A diverse populace requires improved higher education access
Illustration of a person holding up a triangle of stars.

By Rico Munn | Jan. 1, 2023

IF YOU WANT TO KNOW WHAT THE FUTURE HOLDS, look no further than the Aurora Public Schools. I serve roughly 38,000 students from 130 countries, speaking 160 languages; more than 74 percent receive free and reduced lunch, a proxy for poverty. This is the future demographic of higher education, and higher education is not ready.

Colleges and universities have made meaningful moves to support student access and equity. In particular, since the 1998 Kellogg Commission report “Returning to Our Roots: Student Access,” land-grant institutions have made “access to success” an imperative. But, too often, institutions have implemented reactive processes as a way of providing access (i.e., opening an extra door and seeing who comes in). To serve an increasingly diverse and complex populace, real access requires proactive work: opening a door, walking outside, and escorting others in as honored and valued colleagues. To that end, here are three ideas that might be explored:


There is no single path to success, but there are ways to identify successful experiences leading to degree completion. There are formal and informal ways to thrive and succeed in college – and different ways at different colleges. These might include participation in internships, fraternal organizations, research, athletics, and other opportunities. A process to intentionally identify success criteria at a particular institution allows for several things:

  • Publicizing criteria so students and families can crack the code;
  • Organizing student services around key indicators of success;
  • Deconstructing any criteria that are structurally biased; and,
  • Recognizing and formalizing structures around any criteria that have been left to chance.

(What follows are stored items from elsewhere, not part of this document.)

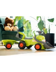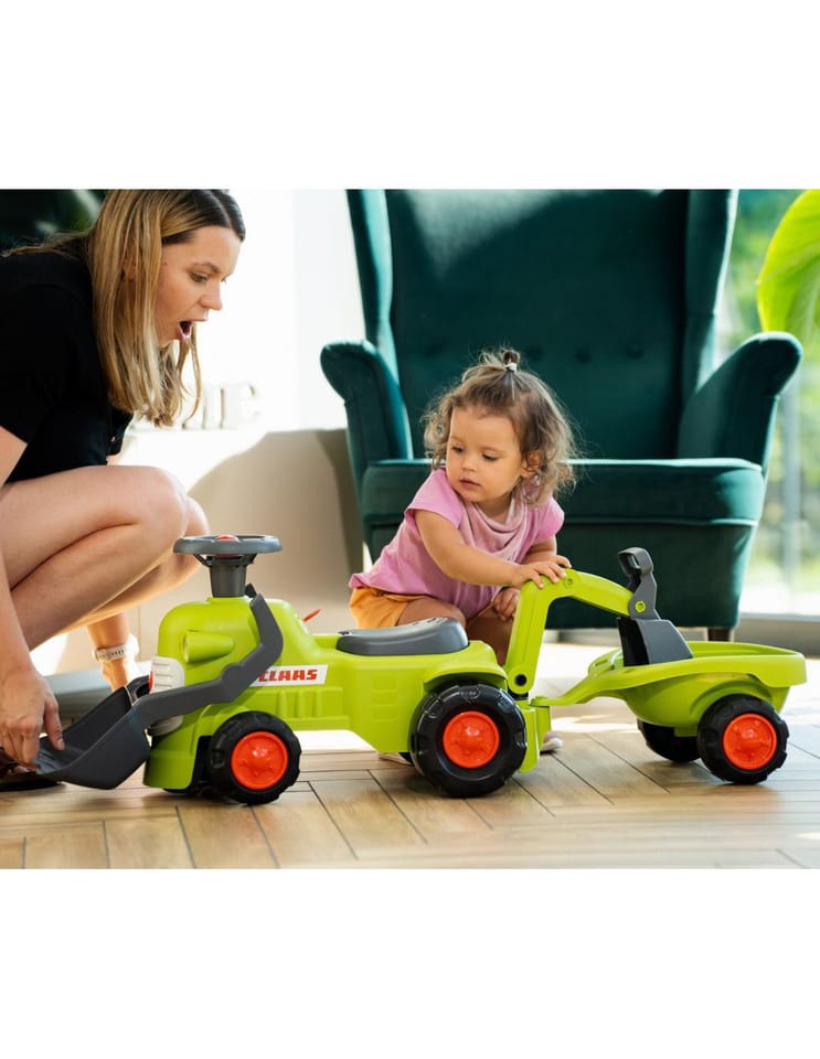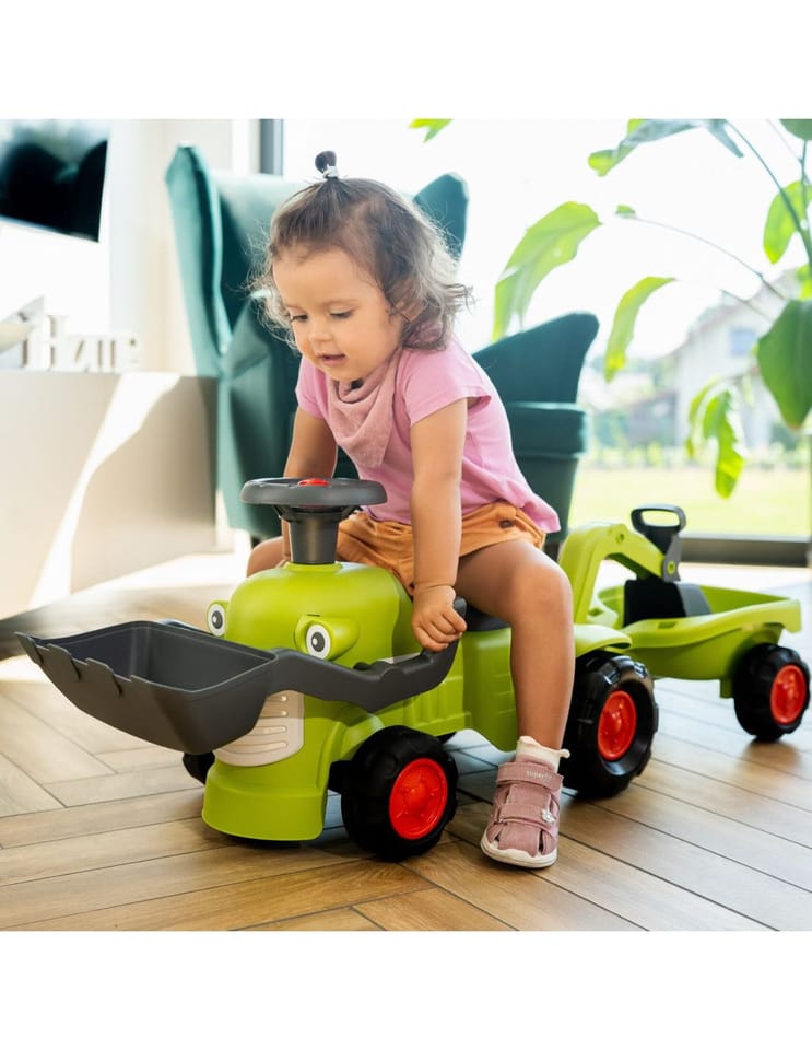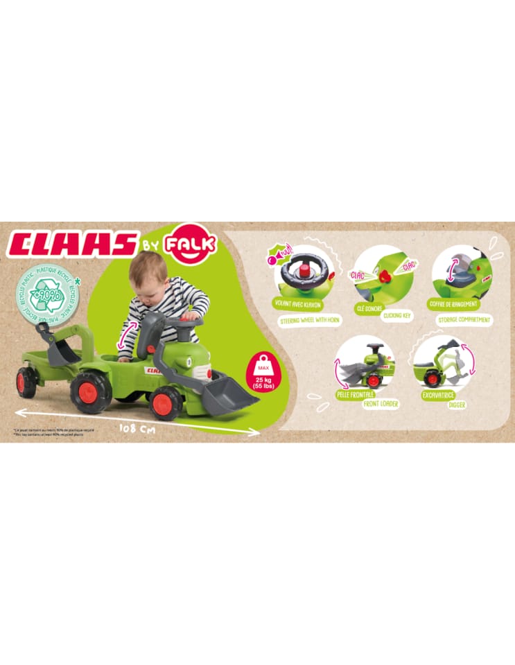 Traktorek Jeździk Class z przyczepką marki Falk to spełnienie marzeń niejednego małego traktorzysty. Starannie wykonany, z dbałością o najmniejszy szczegół. Żaden prawdziwy Farmer by takim nie pogardził. Traktorek CLAAS z łyżką, ładowarką i przyczepką wykonany jest z najwyższej jakości materiałów. Pojazd przeznaczony jest dla dzieci od 12-go miesiąca życia. Pojazd jest wyposażony odpinaną przyczepę z panelami oraz kierownicę z klaksonem.Charakterystyka: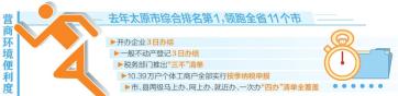 近日,記者從太原市政府新聞辦召開的新聞發(fā)布會上獲悉,山西省營商環(huán)境整體評估報告顯示,去年太原市營商環(huán)境便利度綜合排名第1,領(lǐng)跑全省11個市;在國家發(fā)改委組織的對包括直轄市、計劃單列市、省會城市在內(nèi)的41座城市進行的營商環(huán)境評價中,太原市營商環(huán)境便利度獲評優(yōu)良。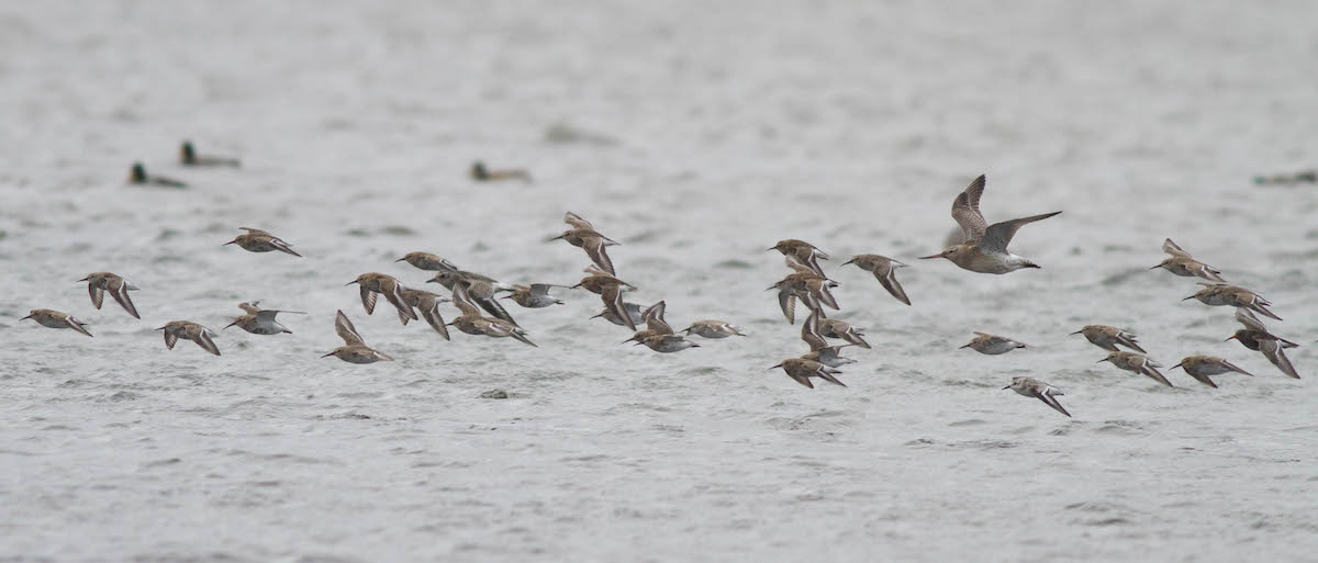 Titel: With Purple Sandpiper, Sanderling, Bar-tailed Godwit and Grey Plover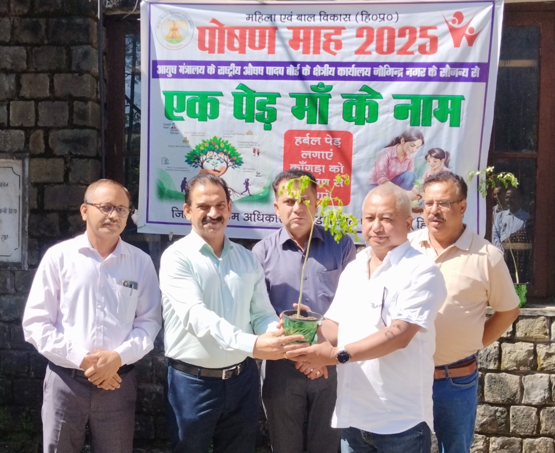 धर्मशाला जिला कार्यक्रम अधिकारी कार्यालय कांगड़ा में पोषण माह 2025 के अंतर्गत औषधीय पौधों का वितरण कार्यक्रम आयोजित किया गया। इस अवसर पर अतिरिक्त उपायुक्त विनय कुमार ने जिला कार्यक्रम अधिकारी महिला एवं बाल विकास, जिला आयुर्वेद अधिकारी एवं आयुष मंत्रालय की प्रतिनिधि की उपस्थिति में सभी बाल विकास परियोजना अधिकारियों को मोरिंगा और अश्वगंधा के पौधे वितरित किए। इस अवसर पर अतिरिक्त उपायुक्त विनय कुमार ने कहा कि एक पेड़ माँ के नाम एक अभिनव पहल है इसका उद्देश्य माँ की ममता और धरती की हरियाली को जोड़ते हुए मातृ एवं शिशु पोषण को सुदृढ़ बनाना है। उन्होंने कहा कि यह अभियान केवल पौधारोपण तक सीमित नहीं है, बल्कि मातृ-शिशु स्वास्थ्य और पोषण से गहराई से जुड़ा हुआ है। आंगनबाड़ी केंद्र इस पहल के माध्यम से पोषण सुरक्षा, पर्यावरण संरक्षण और सामुदायिक जागरूकता का त्रिवेणी संगम बनेंगे। उन्होेंने कहा कि एक पेड़ माँ के नाम अभियान हर नागरिक को अपनी माँ के सम्मान में पौधा लगाने के लिए प्रेरित करता है। जैसे माँ अपने बच्चों को जीवन और पोषण देती है, वैसे ही पौधे पूरे पर्यावरण को जीवन, आधार और शुद्ध वायु प्रदान करते हैं। यह संदेश महिलाओं और बच्चों के स्वास्थ्य तथा परिवार के पोषण से सीधा जुड़ा हुआ है। जिला कार्यक्रम अधिकारी, महिला एवं बाल विकास अशोक कुमार ने कहा कि पौधों का वितरण आंगनबाड़ी स्तर पर किया जा रहा है और कार्यकर्ताओं को इन पौधों की देखभाल और उपयोगिता के बारे में समुदाय को जागरूक करने की जिम्मेदारी दी गई है। उन्होंने कहा कि इस अभियान के तहत कांगड़ा जिले की आंगनबाड़ियों में औषधीय और पोषणवर्धक पौधों अश्वगंधा और सहजन का वितरण किया जा रहा है। इन पौधों की आपूर्ति राष्ट्रीय औषधीय पौधा बोर्ड, आयुष मंत्रालय, भारत सरकार के क्षेत्रीय केंद्र द्वारा की गई है। यह केंद्र भारतीय चिकित्सा पद्धति अनुसंधान संस्थान जोगिंद्र नगर में कार्यरत है। जिला आयुष अधिकारी डाॅ. हरीश भारद्वाज ने बताया कि अश्वगंधा और सहजन मातृ एवं शिशु पोषण के लिए अत्यंत उपयोगी हैं। अश्वगंधा तनाव कम करती है और ऊर्जा बढ़ाती है, जबकि सहजन एनीमिया और कुपोषण दूर करने का प्रभावी उपाय है। उन्होंने कहा कि महिलाओं के लिए सहजन कैल्शियम और आयरन का प्राकृतिक स्रोत है, जो गर्भवती और स्तनपान कराने वाली माताओं के लिए लाभकारी है। अश्वगंधा तनाव कम करने और ऊर्जा बढ़ाने में सहायक है। बच्चों के लिए सहजन की पत्तियाँ और फलियाँ प्रोटीन और विटामिन से भरपूर हैं, जो बच्चों की वृद्धि और रोग प्रतिरोधक क्षमता को बढ़ाती हैं। अश्वगंधा मानसिक और शारीरिक विकास को सुदृढ़ करती है।

CSU’s Tiered Advancement Process is a great example of moving toward proactive access. The approach emphasizes equitable advising practices and encourages advising staff to share student support frameworks with the broader community. The process of providing support and setting expectations around core advising competencies speaks to a promising approach for how to organize other student supports.

Another similar approach is the Proactive Advising model implemented at Georgia State University and championed by the University Innovation Alliance. The Proactive Advising model heavily relies on real-time data and analytics to drive increased and targeted interventions. At GSU, the Proactive Advising model has contributed to: increased meetings with advisers, increased graduation rates, and tuition savings. (Learn more.) These and other models indicate an important receptiveness to change in higher education.


Access and diversity efforts are often deficit-based, serving the “underserved,” “disadvantaged,” and students deemed “at risk.” In reality, every student has assets that make them a degree candidate.

A commitment to expand processes that align credentials with lived experiences could be a critical piece of proactive access work. For instance, the Joint Services Transcript provides a description of schooling received by military personnel while in service; it tells schools about skills people have gained and may lead to college credits. Such efforts could fundamentally impact affordability and perceived relevance of higher education.

The trend toward more diverse credentials is certainly not new. Numerous studies by workforce groups, universities, and the Colorado Department of Higher Education have touted increased stackable credentials – independent credentials that, when combined, can add up to a higher-level degree. A commitment to teaching, research, and service positions land-grant universities, such as CSU, to be premier players in this area. The use of trusted programs such as 4-H and Extension to lead these efforts would be both innovative and familiar to the community.


Finally, proactive access cannot be successful if it is centered (literally or figuratively) on campus. To be of community service, institutions need to be “of the community” – allied, connected, and committed. Community engagement is important work for the university, but to impact access and equity, higher education must be in common cause with the community. Allyship requires a shift in mindset.

Universities often leverage community engagement to improve the town and gown relationship. For land-grant institutions, however, the “gown” exists to serve the “town.” If the work of the university emanates from this mindset, then allyship is the logical conclusion. Allyship demands a continual process to understand and respond to the needs, interests, and desires of the “town” – Colorado first, and then the greater community connected to CSU.

Allyship asks guiding questions, such as: Who are the true stakeholders of our work? How does my presence impact others? Do I have privilege here, and how can I use that to benefit the whole? When viewed through this lens, being proactive about access is the natural consequence of a commitment to founding principles at many colleges and universities.

The world, as always, is changing in unpredictable ways. But it is easy to see that the future is diverse. To maintain relevance and value, higher education must shift its processes and mindset to serve a new mosaic of honored and valued colleagues.

Rico Munn, J.D., is superintendent of Aurora Public Schools. He served on the Board of Governors of the Colorado State University System from 2012 to 2019, including two years as board chair. He also served as executive director of the Colorado Department of Higher Education and has spent much of his career working to improve access and equity in education.